Core Concepts
The authors propose a novel tree diffing approach called SatDiff, which reformulates the structural diffing problem into a MaxSAT problem. SatDiff generates correct, minimal, and type-safe low-level edit scripts with formal guarantees, and then synthesizes concise high-level edit scripts by effectively merging low-level edits in the appropriate topological order.
Abstract
The paper addresses the problem of computing differences between tree-structured data, which is critical for software analysis and evolution. Existing approaches, such as Unix diff and other text-level methods, do not consider the structure of the code, making it challenging for users to interpret the generated edit scripts.
The authors present a novel approach called SatDiff, which reformulates the tree diffing problem as a maximum satisfiability (MaxSAT) problem. This allows them to leverage state-of-the-art SAT solvers to search for the correct minimum edits. SatDiff generates low-level edit actions, such as disconnecting edges, deleting nodes, and connecting edges, and then synthesizes high-level edit scripts, including update, move, insert, and delete actions, by combining the low-level edits in the appropriate topological order.
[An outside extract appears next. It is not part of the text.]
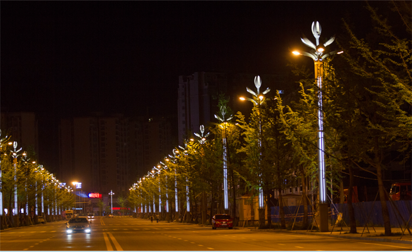 為進一步完善城市照明效果,鞏固建設(shè)成果。營山縣公共事業(yè)管理局于2016年底至2017年初對民政局至一環(huán)路南北段以及芙蓉大道一段進行了整體的道路照明路燈升級改造,四川華體照明科技股份有限公司根據(jù)兩條道路的基本情況,結(jié)合當(dāng)?shù)匚幕厣?,分別設(shè)計并安裝了春意盎然景觀燈和芙蓉中華燈。

The key features of SatDiff are:
Correctness and minimality guarantees for the low-level edit scripts, achieved through the encoding of hard and soft constraints in the MaxSAT problem.
Type safety of the intermediate trees resulting from each edit action, even if they may contain holes.
Conciseness of the high-level edit scripts, which outperform existing approaches such as truediff and Gumtree.
The authors also present an ablation study to demonstrate the effectiveness of their encoding constraints and a case study to understand the discrepancies between SatDiff and Gumtree.
Stats
The paper does not contain any explicit numerical data or metrics. The focus is on the algorithmic approach and its theoretical properties.